• [WHAT NEEDS TO BE DONE]
Repeat the data that follows exactly, starting at the line with "整個(gè) Co-Working Space" and ending at the line with "Tổng Thư ký", and leave out every picture.

• [THE RECORDS]
--- --- ---

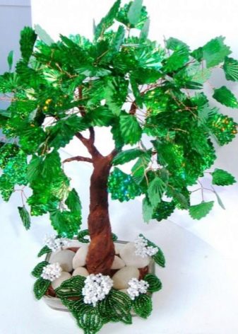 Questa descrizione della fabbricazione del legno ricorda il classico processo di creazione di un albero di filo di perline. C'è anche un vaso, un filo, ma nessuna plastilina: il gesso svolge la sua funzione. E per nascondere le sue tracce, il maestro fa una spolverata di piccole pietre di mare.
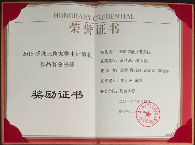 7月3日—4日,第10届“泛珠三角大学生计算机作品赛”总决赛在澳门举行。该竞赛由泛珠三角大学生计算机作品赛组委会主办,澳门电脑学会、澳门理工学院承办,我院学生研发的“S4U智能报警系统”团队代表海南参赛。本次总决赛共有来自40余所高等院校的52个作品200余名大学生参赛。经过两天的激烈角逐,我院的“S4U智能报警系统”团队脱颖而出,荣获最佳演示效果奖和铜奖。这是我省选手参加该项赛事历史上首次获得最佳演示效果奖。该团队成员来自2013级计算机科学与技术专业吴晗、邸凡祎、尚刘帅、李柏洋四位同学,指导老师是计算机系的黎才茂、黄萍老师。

--- --- ---

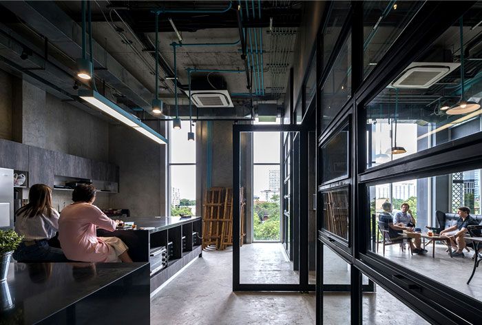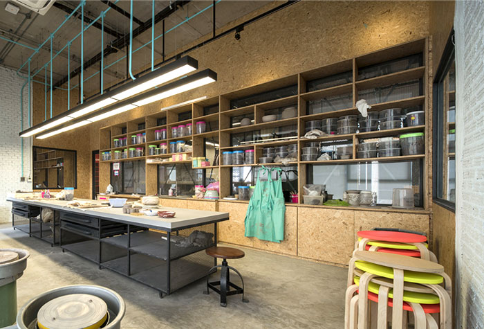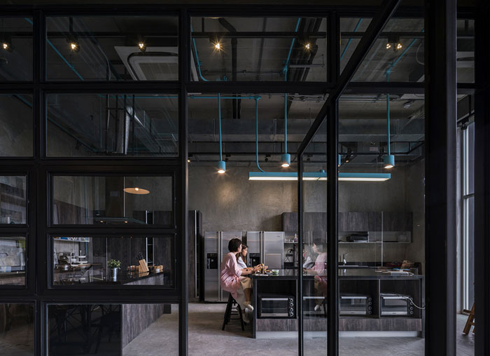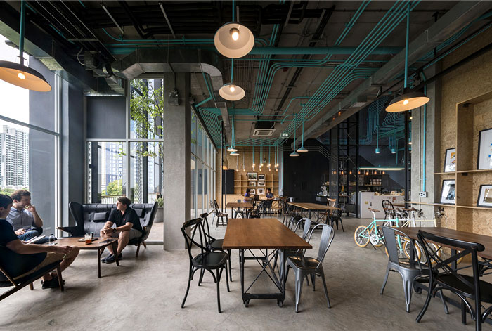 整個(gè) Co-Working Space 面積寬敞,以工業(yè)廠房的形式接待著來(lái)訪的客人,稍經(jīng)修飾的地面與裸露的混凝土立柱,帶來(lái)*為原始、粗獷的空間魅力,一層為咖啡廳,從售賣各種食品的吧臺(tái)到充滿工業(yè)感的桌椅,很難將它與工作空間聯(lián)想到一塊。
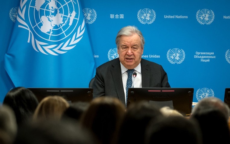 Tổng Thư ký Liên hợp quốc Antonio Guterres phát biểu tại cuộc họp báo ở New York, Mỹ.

--- --- ---

• [EXERCISE RESULT]
 整個(gè) Co-Working Space 面積寬敞,以工業(yè)廠房的形式接待著來(lái)訪的客人,稍經(jīng)修飾的地面與裸露的混凝土立柱,帶來(lái)*為原始、粗獷的空間魅力,一層為咖啡廳,從售賣各種食品的吧臺(tái)到充滿工業(yè)感的桌椅,很難將它與工作空間聯(lián)想到一塊。
 Tổng Thư ký Liên hợp quốc Antonio Guterres phát biểu tại cuộc họp báo ở New York, Mỹ.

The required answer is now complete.